Pact Group Holdings (ASX: PGH), Australian-based packaging manufacturer, provided an update earlier today in relation to the impairment of their non-cash assets.
After review of its carrying value of its assets, Pact Group now expects to recognize impairments to non-cash assets worth between $310-$340 million (after-tax) in the group’s 2019 half-year accounts.
The non-cash assets include ‘Packaging’ assets and Goodwill, both based in Australia. Goodwill will be impaired by $220-$240 million whilst the company’s Australian Packaging assets will be impaired by $90 – $100 million.
The impairment was deemed necessary owing to more modest assumptions by company management regarding the growth and discount rates. Further, Pact Group needed to account for challenging trading conditions and a moderated long term outlook of its Australian business.
Direct consequence of the impairment, Pact Group projects a reduced EBITDA for the 2019 full financial year, to range between $230 million and $245 million. This modest range reflects the uncertainty of the speed of revenue recognition, the efficiency of projects as well as the rates at which the input costs can be recovered.

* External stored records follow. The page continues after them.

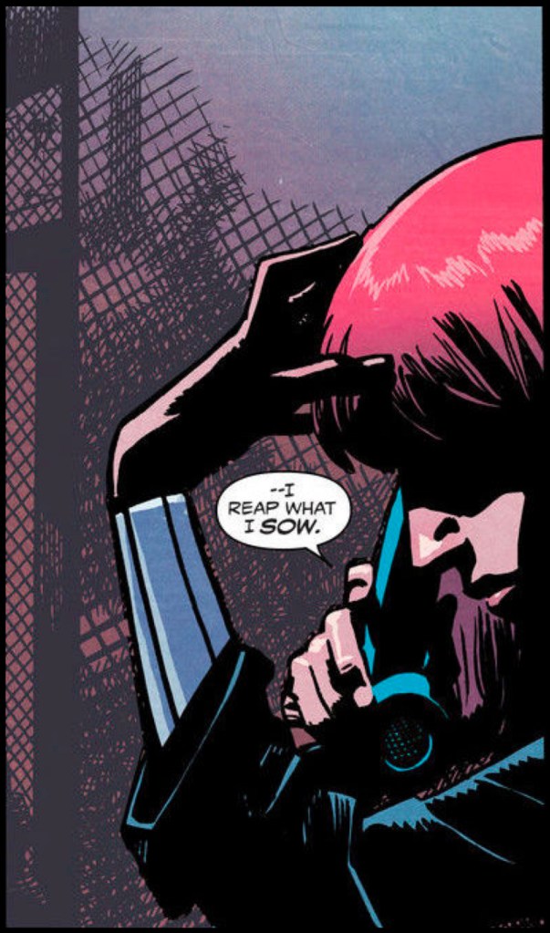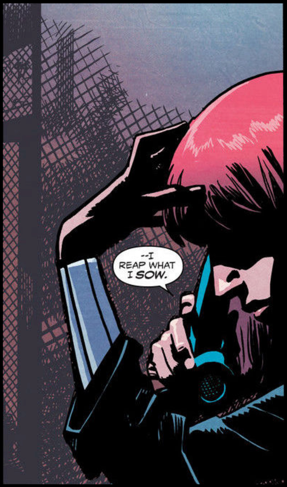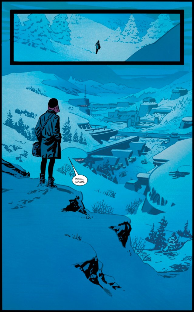 The use of blue on this full-page panel and the simple “Well, damn” captures the vastness of Nastasha living in the present while continuing to fight the past.
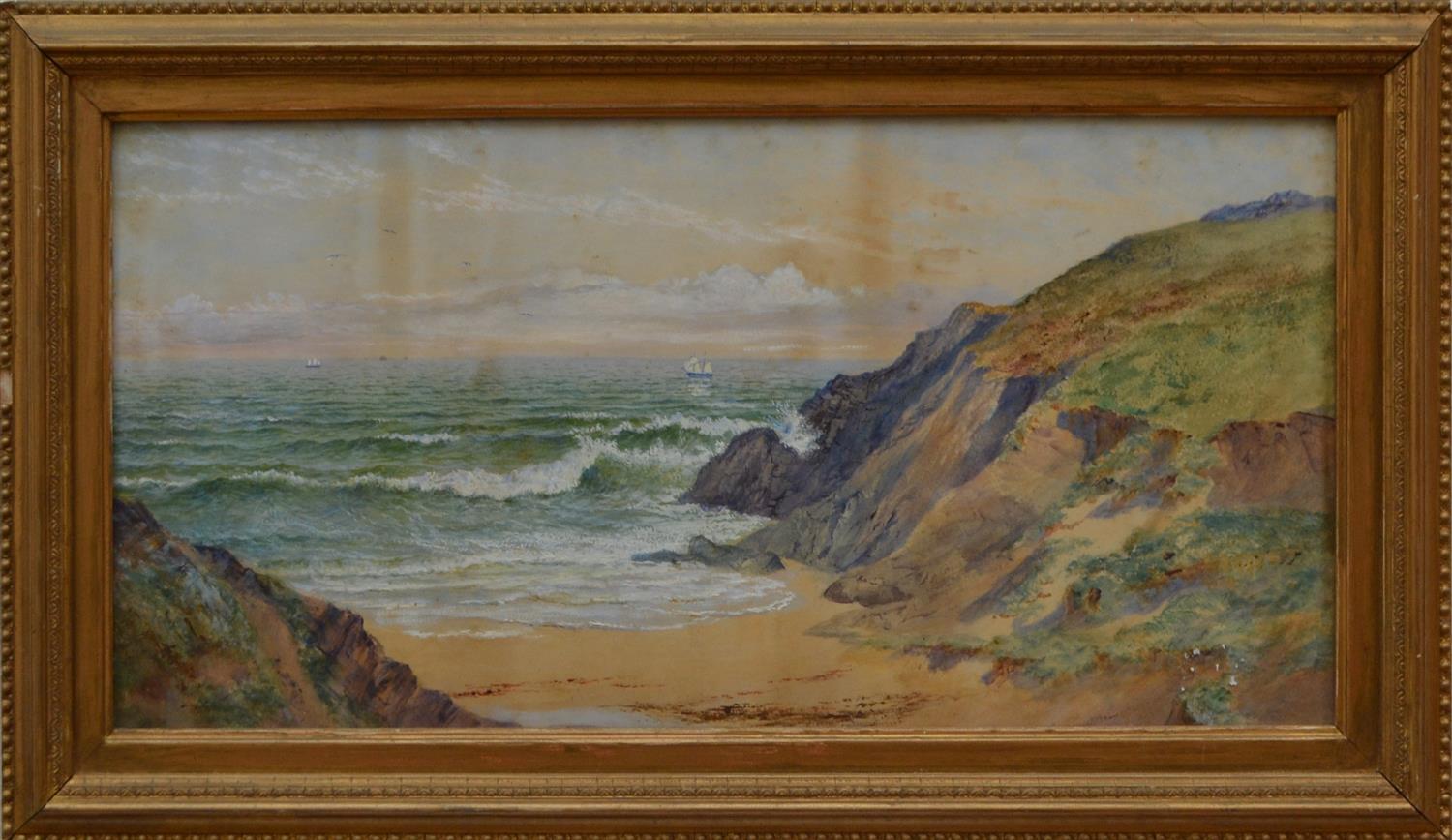 ARTIST UNKNOWN, SEASCAPE, WATERCOLOUR, 28 X 56CM, FRAMED: 39 X 66CM, CONDITION: DISCOLOURATION AND STAINING THROUGHOUT, LEONARD JOEL DELIVERY SIZE: MEDIUM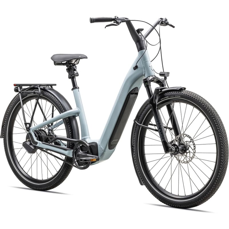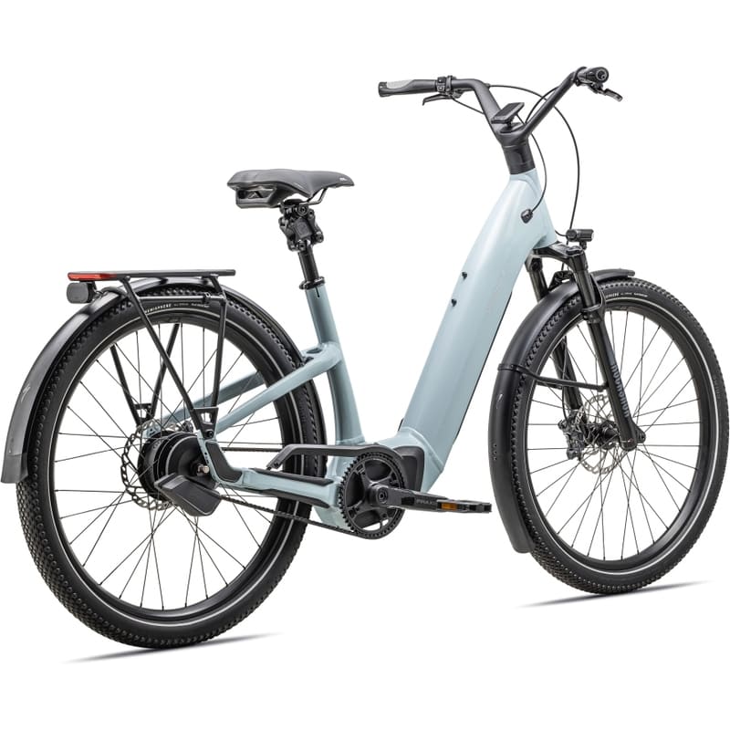 Ausgestattet mit Specialized DRYTECH Schutzblechen, LED Front- und Rücklicht und HD Gepäckträger mit bis zu 27kg Zulademöglichkeit. Der Gepäckträger ist kompatibel mit Kindersitzen und passenden Anhängern.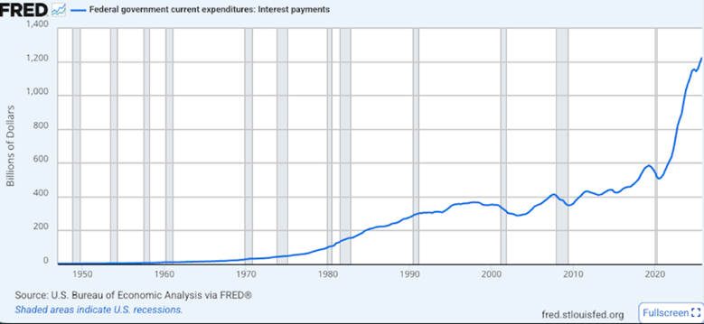 America reportedly borrowed $43.5 billion a week in the first four months of the fiscal year, which starts in October. The interest on that debt works out to over $1 trillion for 2026. Interest in 2024 and 2025 also exceeded $1 trillion.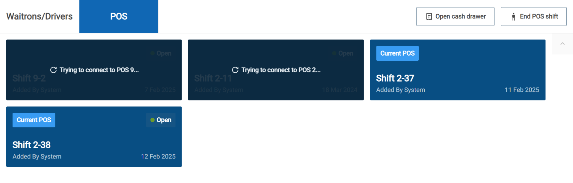 Q: Why does my POS shift say “Trying to connect” and is not available to cash up?
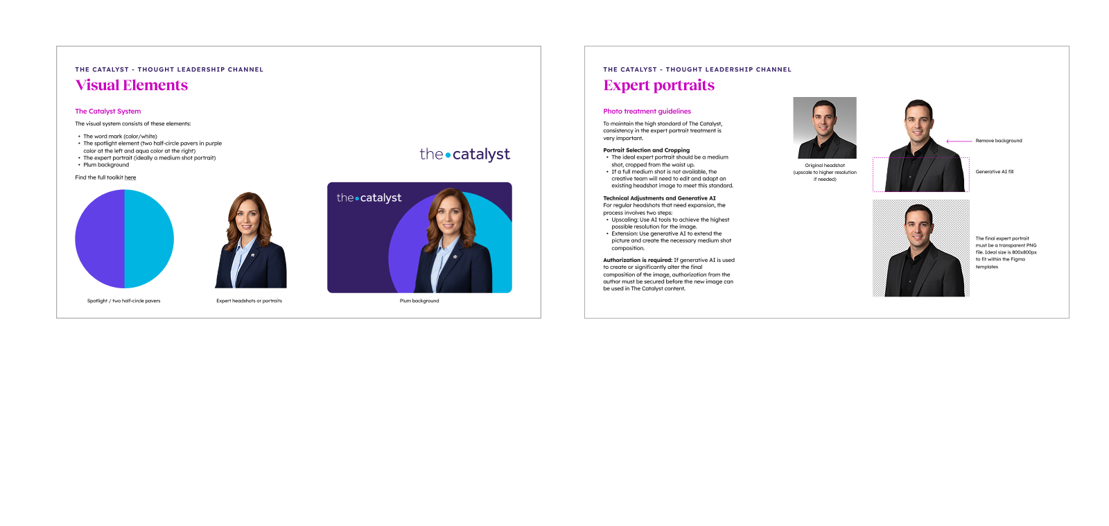 The Catalyst design system has been widely adopted across teams and channels, providing a clear, repeatable framework for publishing and promoting thought leadership content at scale. The system supports consistent storytelling across articles, social media, and email while allowing flexibility for different formats and expert voices. Two comprehensive expert photo libraries—partially enhanced using generative AI—reduced production friction and enabled faster content turnaround. Delivered alongside a full suite of Figma templates and a detailed design playbook, the system empowered design and marketing teams to operate autonomously and consistently. As the channel continues to roll out, early signals show increasing traffic and visibility for Catalyst articles, reinforcing its role as a central hub for Teladoc Health’s expert-led perspective.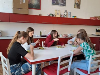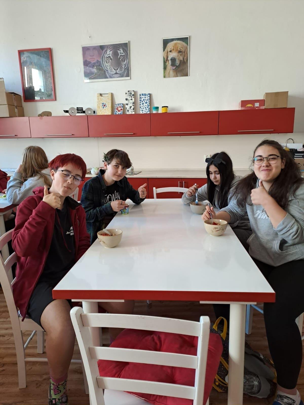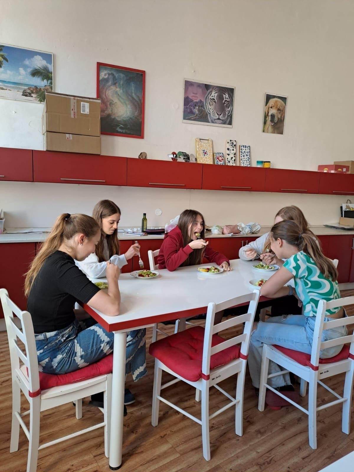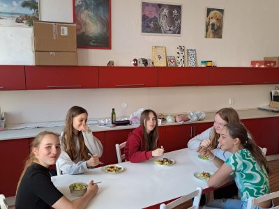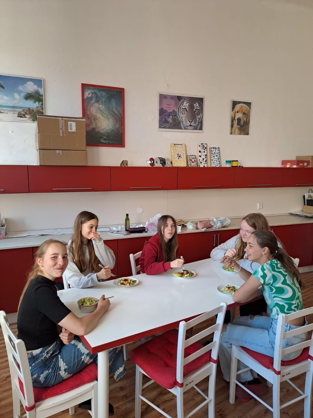 Dne 30. 5. 2023 jsme se s dívkami pustily o Pč do přípravy chutné svačinky. Děvčata si ve skupinkách donesla potřebné suroviny a ve školní kuchyňce z nich připravila výborné saláty :-)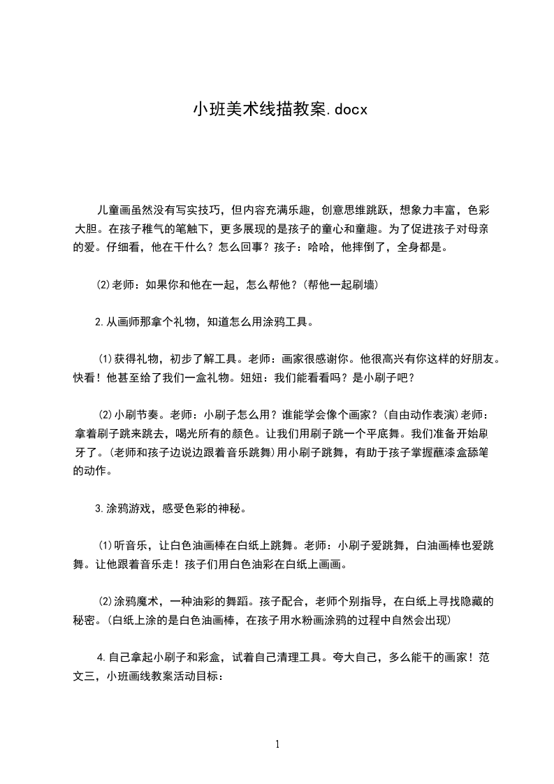 2、掌握简单的点、线、面的运用,重点是培养小朋友对线描绘画的兴趣。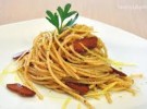 Fate cuocere gli spaghetti in abbondante acqua salata. Intanto mettete dell’olio in una padella e fatelo scaldare. A cottura ultimata scolate gli spaghetti, rimettete la padella con l’olio sul fuoco e versateci dentro la pasta, grattugiate sopra una parte della bottarga, aggiungete del pepe nero e qualche mestolo d’acqua di cottura; mescolate, continuate alternando la mescita della pasta con la bottarga grattugiata e servite il piatto caldissimo.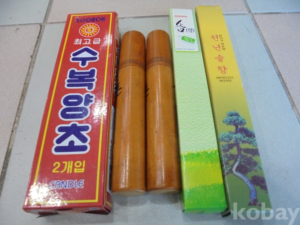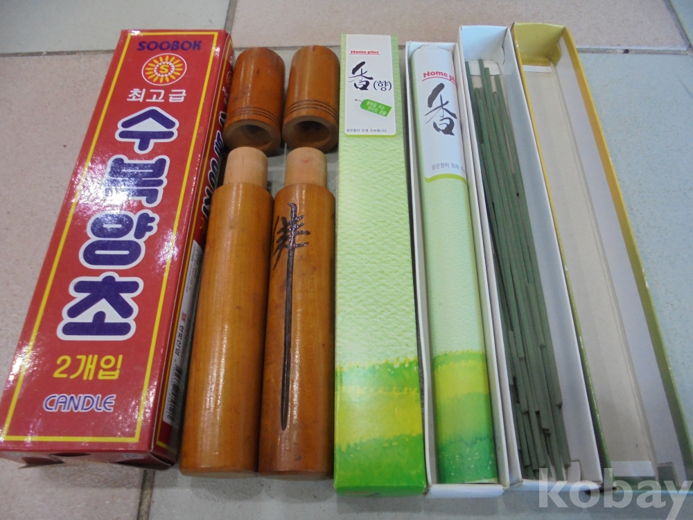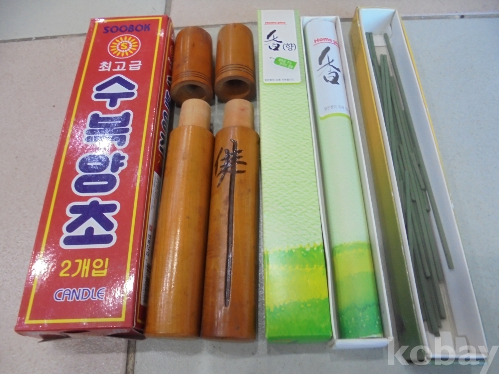 불자가 들어간 잘만든 나무향통 2점과 수복양초 1갑 막대기 향 2갑인데 1갑만 온전한것 나머지는사용하다남은것임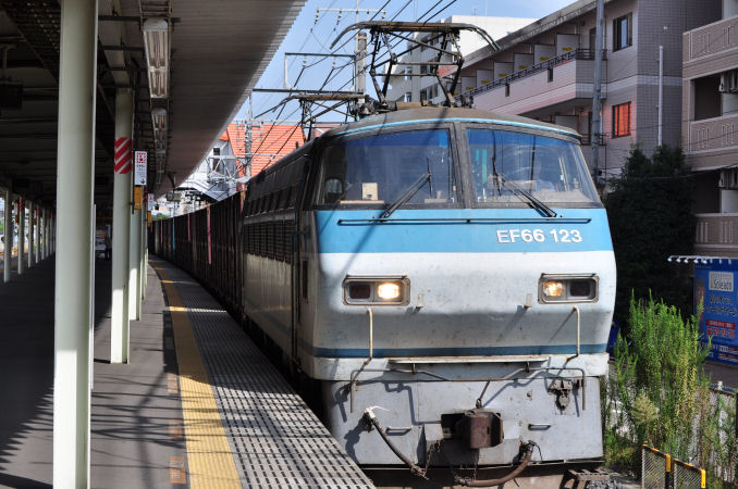 土呂駅に着くと、EF66形100番台による貨物列車と・・・。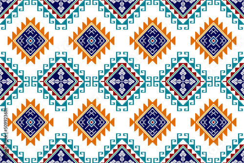 Fototapeta premium Ikat ethnic seamless pattern design. Aztec fabric carpet mandala ornaments...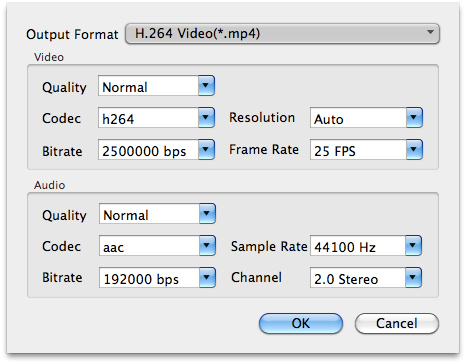 Una volta scelto il formato, la qualità è più o meno personalizzabile a seconda della tipologia scelta. Si può impostare i parametri in maniera meno professionale dalla finestra principale. Altrimenti si può intervenire con maggiore dettaglio; per la parte video: Video Encoder, Frame Rate, Video Bitrate, Risoluzione; per la parte audio: Audio Encoder, Frequenza di campionamento, Canali, ed Audio Bitrate.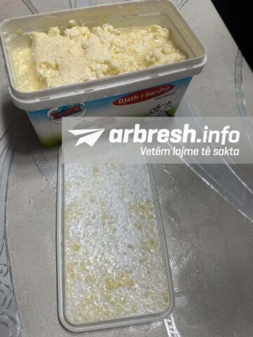 Një qytetar ka dërguar disa pamje në redaksinë e portalit Arbresh.info, ku shihet se pas një blerje në Viva Fresh në Creop të Kamenicës, ka blerë një djath i cili ka rezultuar të jetë ‘gjizë’ i prishur.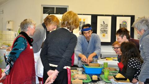 Unter der Leitung von Akira Matsumoto schöpfen Sie auf einfache Weise eine dekorierte Grußkarte.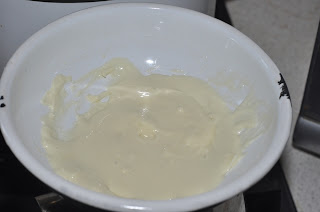 Amesteca intr-un castron faina cu praful de copt si zaharul. Pune in robot si amesteca bine cu untul, adauga apoi treptat laptele, esenta de vanilie si ouale. Amesteca bine.

Continuing on the issue of input costs (a major operating cost for manufacturing companies), Pact Group notes that its Australian business had been impacted by heavy costs and a simultaneous decrease in demand for its goods; hence compelling the company to reassess the carrying value of assets, inevitably leading to their impairment.
The company is poised to release its half-year report for 2019 on 20th February. Meanwhile, the market has reacted negatively to the overall pessimistic news and already reflects the impairment announcement made today.
A disappointing update has been reflective in the company’s share price movements today, closing at the bottom of the ASX200. Nonetheless, given the rather poor last twelve months for the company, investors should keep caution, particularly ahead of its half-year report release next week (20th February).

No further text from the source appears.